To learn more from Stacie Jones, M.D., watch the full interview here.

Groundbreaking Studies in Food Allergy

The Arkansas Children’s Research Institute is currently involved in about 15 to 20 clinical trials related to allergies and immunotherapies, said Stacie Jones, M.D., director of the food allergy program at Arkansas Children’s Hospital Research Institute and a professor of pediatrics at the University of Arkansas for Medical Sciences.

"We're studying everything from new versions of patch studies, where a child puts on a patch to desensitize or to protect from their allergy, to we have a new tablet that goes under the tongue. We have some injectable therapies that are more like vaccines. There's one called a peptide therapy that's getting ready to start, and that, so far, has a tremendous safety profile. Because in the other things we talked about, we are using the allergen to treat, and we'd love to get away from that," Jones said. "There's just a wealth of new therapies. We call them biologics, where we're impacting the immune pathways that cause the allergies, so we're really impacting their whole allergic profile. And I would say we have seven or eight different types of therapies going on right now. And we love having families call us about this."

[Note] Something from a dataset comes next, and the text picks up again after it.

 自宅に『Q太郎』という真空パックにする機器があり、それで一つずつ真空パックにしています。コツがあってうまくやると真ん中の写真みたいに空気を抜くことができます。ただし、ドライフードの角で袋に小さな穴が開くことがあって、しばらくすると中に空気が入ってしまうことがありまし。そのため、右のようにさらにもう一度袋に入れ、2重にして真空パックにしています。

One current study focusing on prevention is the SUNBEAM study. It aims to identify prenatal and early childhood markers of high risk for food allergy, atopic dermatitis, or eczema and the biological pathways that lead to these conditions. The observational study of children from birth to age 3 years will examine the origins of allergic disease. Jones said 12 centers around the country are involved.

"We are in the process of enrolling 2,500 mothers and babies and their fathers. We'll be following those babies initially for three years and probably much longer. This is a large study funded by the NIH (National Institutes of Health), and it's going to gather information including genetic information and environmental information and information about what you feed your child and how you raise that child," Jones said. "At the end of that, we hope we'll find targets that we can actually use to prevent food allergy and eczema down the road. So, it's a data-gathering study right now, but it is the biggest of its kind. It's never been done in food allergy. And so down the road, I think we're going to see some real ways that we know what caused food allergy and how to intervene early and prevent that."

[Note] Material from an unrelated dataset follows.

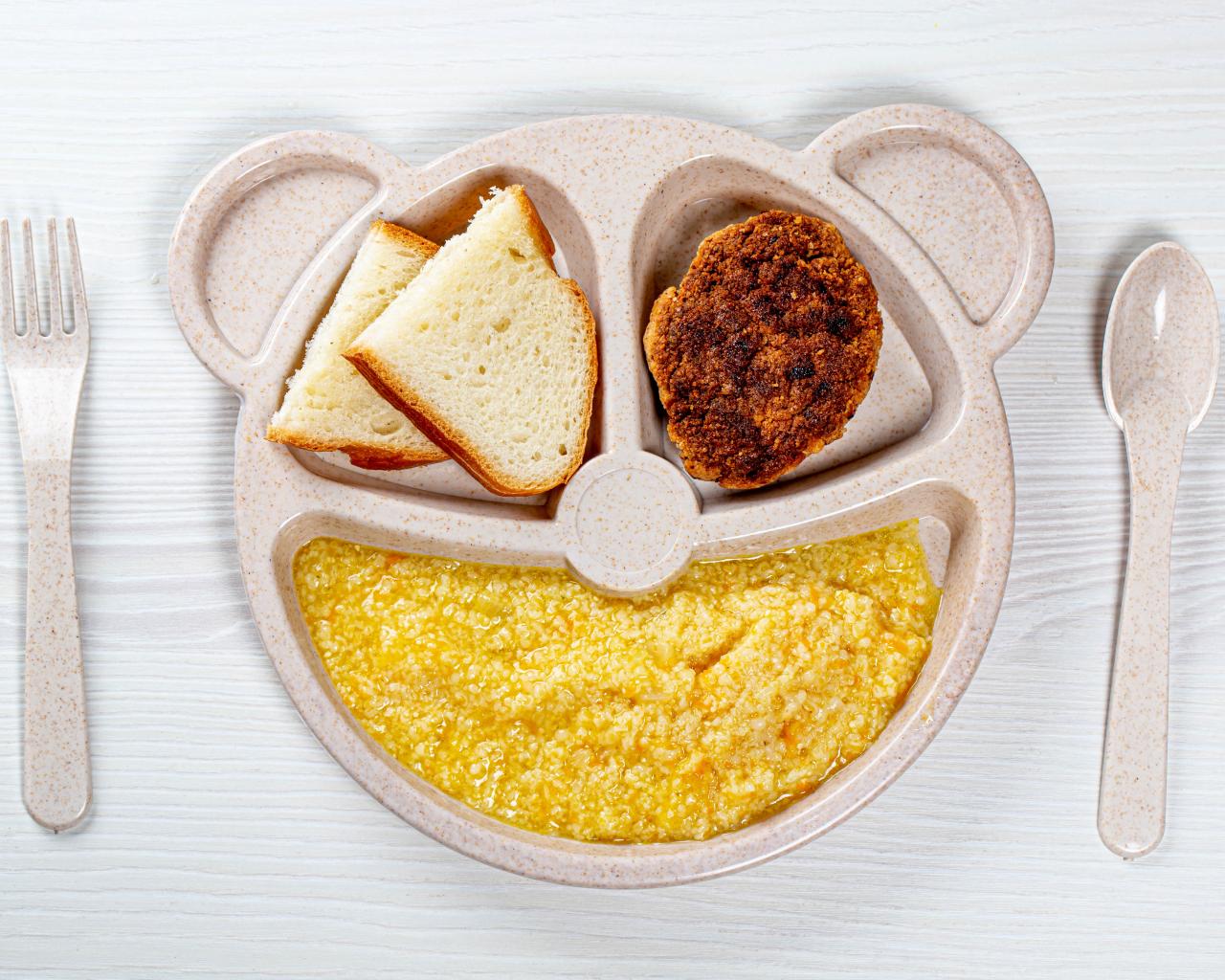Обои Каша на тарелке с котлетой и хлебом для ребенка

In 2022, results of the groundbreaking clinical trial relating to peanut allergies called the IMPACT trial, funded by the NIH, were published in The Lancet. While the care guidance for children allergic to peanuts is to avoid them, the trial found that peanut oral immunotherapy given to children 1 to 3 who were highly allergic to peanuts desensitized most to peanuts and induced peanut allergy remission in one-fifth of the 143 children who participated. ACRI was one of five U.S. academic medical centers involved in the trial. Jones served as the protocol co-chair.

Before the trial, the child participants were so highly allergic to peanuts they'd react to about a 10th of a peanut. Those who responded well to the study could be off peanut therapy for six months, consume over 16 peanuts, and have them in their diet regularly.

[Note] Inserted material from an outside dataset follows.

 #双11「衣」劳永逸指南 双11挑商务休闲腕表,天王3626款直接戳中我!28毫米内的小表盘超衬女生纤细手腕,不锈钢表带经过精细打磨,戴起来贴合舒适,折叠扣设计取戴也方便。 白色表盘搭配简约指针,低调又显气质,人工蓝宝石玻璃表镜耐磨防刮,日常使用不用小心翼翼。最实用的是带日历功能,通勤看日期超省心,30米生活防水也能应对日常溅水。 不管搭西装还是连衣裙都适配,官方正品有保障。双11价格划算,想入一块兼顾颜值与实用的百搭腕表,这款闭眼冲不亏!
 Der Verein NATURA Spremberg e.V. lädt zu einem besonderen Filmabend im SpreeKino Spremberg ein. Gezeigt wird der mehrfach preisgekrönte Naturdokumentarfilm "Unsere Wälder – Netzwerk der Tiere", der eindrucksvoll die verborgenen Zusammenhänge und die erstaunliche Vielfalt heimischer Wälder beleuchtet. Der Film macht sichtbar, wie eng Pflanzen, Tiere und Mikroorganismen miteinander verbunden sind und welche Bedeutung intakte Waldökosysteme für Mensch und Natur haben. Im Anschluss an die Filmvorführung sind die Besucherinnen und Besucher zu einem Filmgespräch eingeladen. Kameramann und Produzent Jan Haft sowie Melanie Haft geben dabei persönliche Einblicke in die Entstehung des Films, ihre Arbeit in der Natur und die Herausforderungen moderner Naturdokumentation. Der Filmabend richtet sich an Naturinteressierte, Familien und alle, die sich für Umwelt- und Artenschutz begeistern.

"One of the things about this trial and others that are on the hills is that it provides really strong protection for children at risk of anaphylaxis or severe allergic reactions due to peanut allergy. I think it's going to help pave the way for other trials. As a matter of fact, we think now about age in clinical trials related to food allergy when we didn't necessarily think about that," Jones said. "So, I think it is changing the way we think about when to intervene and how to keep those children safe. It is not 100% ready for primetime yet, but we're working on the details of what that looks like. These are big teams that do food allergy research, so we need to figure out now how to get this into the real world and to provide this therapy for families. I think it changes the face of how we look at treatment protocols down the road."